They returned a long time later – A day? Three days? – and took him and the others out again. They unlocked the chains that bound their feet so that they could walk more freely, and pushed them back into the corridor. They met with more captives outside, though none of them spoke in greeting. The men of the silver skull walked up and down beside them with whips and rods, striking any who dallied. The captives were pushed through the long halls and corridors of new-built wood that still smelled like fresh-cut pine and cypress, and then out into the open air.

  It was morning. The mist and fog were thick, so thick that they lay over the island like a blanket and repelled the sun’s light. Samson, slowly regaining his wits, looked at the other captives nearest him; the pounding in his head receded enough to allow for thought, however stunted.

  He knew immediately, though the thought was dull and sluggish, that the other captives were from all across the land of Aeon: they had skin that ranged from the pale white of old Caelron stock to the dark hue of Archipelagans, none of whom, Samson was relieved to see, were men he recognized from Gol.

  None of them were women, either – that much was certain and easy to tell. He realized too that this group was smaller than the group he’d come with, and that many of the men looked, if not healthy, at least alive and strong. They were all tall, some even taller than him, and many looked as though they’d put up a hell of a fight in being taken: several had serious wounds that looked newly healed.

  There was no sign of that fight in them now.

  They marched out into the forest, over rocky terrain that cut their bare feet, and by the time they’d walked several miles, even Samson’s sea-hardened soles were red and raw.

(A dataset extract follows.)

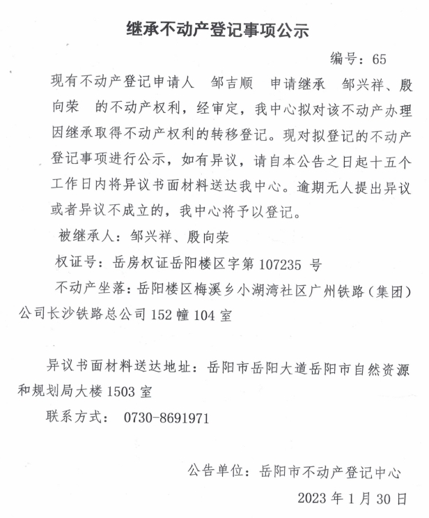 继承不动产登记公示 编号:邹吉顺(65)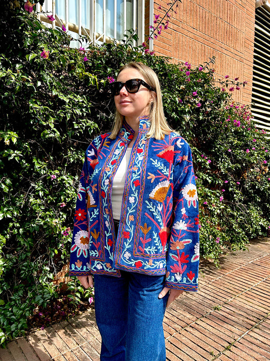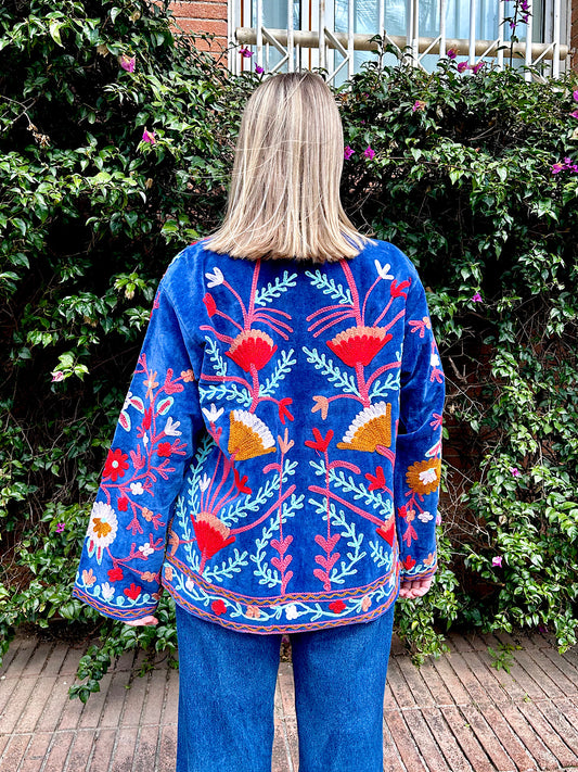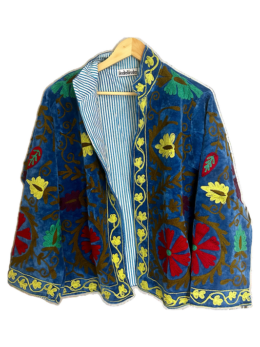 Blue with Colourful Suzani Velvet Embroidered Jacket

When they finally did stop, he wished that they had continued walking. With simple instruction and the threat of whips and cudgels should they talk, they were set to work felling the huge trees of the isle’s deciduous forest.

  Samson didn’t know how long he spent there. The mist kept the sun away, and washed everything in a cold, endless gray light. They were fed – gruel that was barely better than nothing – and watered, and all the while forced to continue on. Samson kept up with the work, but his mind was blank. He acted and reacted, but the horror of the situation made it impossible to contemplate fully.

  Finally, his hands raw and blistered by the heavy wood of the axe he’d been wielding and his limbs shaking with fatigue, he and the others were led back to the fortress through the falling night. They were fed and watered once more – gruel again, but this time Samson ate it eagerly – and thrown back into their cells.

  The next day was the same, and so too the day after that. In fact, time seemed to have stalled and stuck in place: that first day seemed simply to repeat itself, over and over again. Soon, Samson had lost all track of time, and he knew only the freezing cold of night and the painful labor of day. All of his effort went into the bone-breaking work in order to avoid the whips and cudgels; and when he was returned to his cell to sleep at night, he wept silently, aching and shivering.

  Days passed into weeks and nothing changed. He hoped at first for rescue, hoped that the Great Ships that Prince Rewlyn had promised would come and break the power of his captors, but it never happened. As he lay in his cell at night, trying to find sleep though his whole body ached and throbbed no matter how he turned or lay or curled up on his filthy patch of straw, he clutched desperately at that hope, telling himself that the possibility was real, that it truly did exist. But with every day that slipped by, with each hour of breaking rocks and cutting trees and hauling wood, the hope receded, like the sun setting inescapably over the horizon.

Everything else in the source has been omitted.